In multi-turn dialogues, dependencies may exist between constraints, making independent reversal of individual constraints not always reasonable.
Evaluation still relies on the LLM-as-judge paradigm, and constraint-by-constraint evaluation can introduce its own errors.
The integration of RPO with online DPO, self-play iterative training, and other methods has not yet been explored.

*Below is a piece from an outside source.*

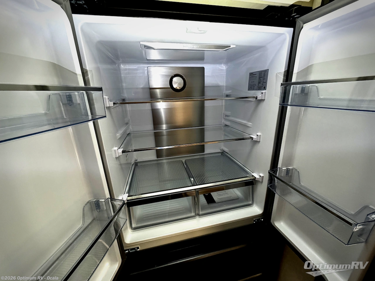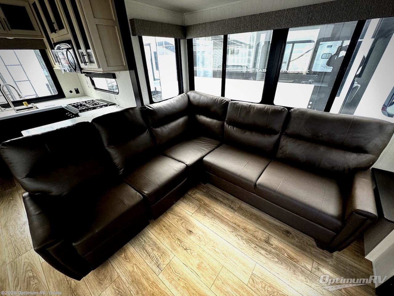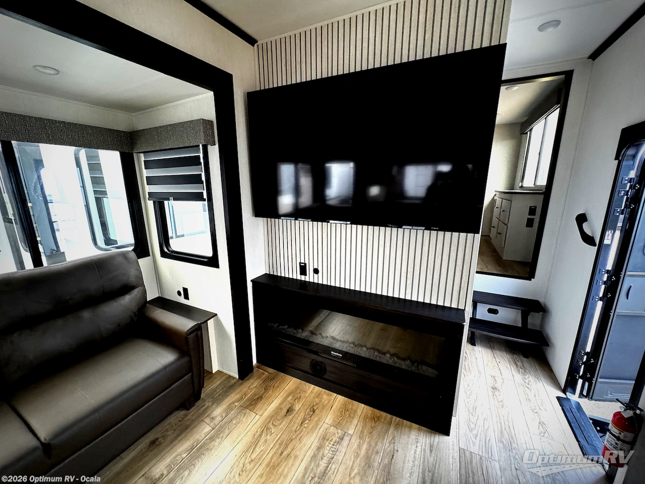 Get ready to elevate your travels to new heights with this show-stopping fifth wheel, designed for thrill-seekers. The rear kitchen is a culinary powerhouse, featuring a spacious layout, overhead cabinets, ample countertop, three-burner cooktop, microwave, oversized fridge, and pantry. In the living area section, the sectional sofa creates a warm and inviting space, perfect for socializing, relaxing, and making memories. The fireplace crackles with warmth, while the entertainment center provides endless entertainment options. Also, the dinette is a charming spot for meals, laughter, and storytelling. Unwind and recharge in style, with plenty of room to get ready for the day ahead, thanks to the full bath with dual sinks, ample dresser space, and a half-bath in the middle of this unit for added convenience. Moving to the main bedroom, the camper king bed is perfect for a restful night's sleep, and the dresser with hidden storage keeps your belongings organized, while the projector above the dresser adds a touch of magic to movie nights.

IOPO (Zhang et al., 2024b): Pairs perfect responses from two different instructions as mutually rejected while aligning input-output preferences—complementary to the RPO approach.
SPAR (Cheng et al., 2024a): Suppresses noise through a tree-search self-correction process—more complex but shares the same goal as RPO.
CRAB (Qi et al., 2024): Uses back-translation to generate instructions from responses to improve data quality—similar in direction to RPO's instruction rewriting.
Core Insight: In multi-preference alignment, optimizing data quality is far more important than increasing data volume.

Rating¶

Novelty: ⭐⭐⭐⭐ — The constraint reversal idea is simple yet powerful, demonstrating genuine originality in multi-constraint IF scenarios.
Experimental Thoroughness: ⭐⭐⭐⭐ — Covers two benchmarks, four model sizes/families, and includes training dynamics analysis.
Writing Quality: ⭐⭐⭐⭐ — In-depth analysis of the problem (with a 6-case classification figure) and clear description of the methodology.
Value: ⭐⭐⭐⭐ — Provides a practical and generalizable solution for preference learning in multi-constraint instruction following.